Jenny Lind's soup
- Type: Soup
- Main ingredients: Rutabaga, chicken stock, roux, Gruyère cheese, sago, egg yolks, heavy cream, egg whites

= Jenny Lind's soup =

Type of soup

Jenny Lind's soup is a soup named for popular 19th-century singer Jenny Lind. She is supposed to have used this soup to soothe her chest and found it to be beneficial to her voice before performances.

The dish is made from mashed rutabaga or sago, chicken stock thickened with a roux, Gruyère cheese, sage, egg yolks, and heavy cream, and topped with beaten egg whites. (This topping, unfamiliar to many, is a common tradition in French cuisine de famille, as it uses up the whites left over from using the yolks as a thickener).
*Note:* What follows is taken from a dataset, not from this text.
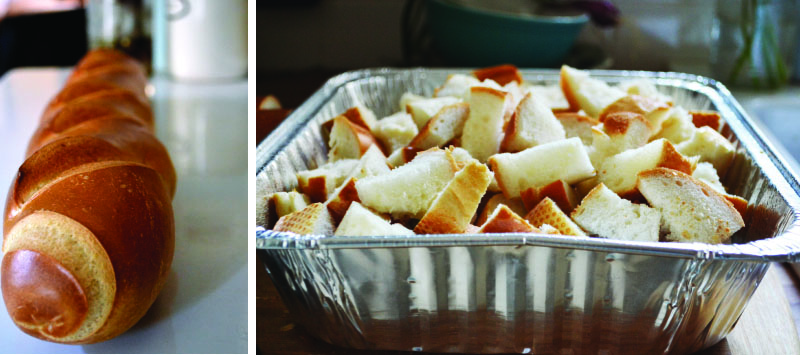 For the bread filling, I used a long fresh loaf of french bread from a local bakery. You could also use any soft good white bread (italian or ciabatta). My only issue was that it was a bit “bready” for my taste, but plenty of coworkers liked it. If you like bread, you’ll love it, but if you are like me and want more EGG, then I recommend reducing the quantity of bread (only use 1/2 to 3/4 of the loaf) and reduce the milk by 1 cup (use 3 cups instead of 4 cups).

The soup is mentioned in Isabella Beeton's Mrs Beeton's Book of Household Management (1861). The information was taken, uncredited, from Eliza Acton's Modern Cookery for Private Families in the expanded edition (1855). Acton is likely to have received the recipe by way of her friend Mary Howitt, translator of Swedish writer Fredrika Bremer, but she acknowledges only "the kindness of the very popular Swedish authoress, Miss Bremer".

==In popular culture==
The soup was the hook for a joke in many British and Irish newspapers, including the Western Daily Mercury, for more than sixty years: "“Why would Jenny Lind make good soup?" – "Because she's neither Alboni (all bony) nor Grisi (greasy)".

Leopold Bloom, a character in James Joyce's Ulysses, fantasizes about it while lunching in the Ormond Hotel: "Jenny Lind soup: stock, sage, raw eggs, half-pint of cream. For creamy dreamy."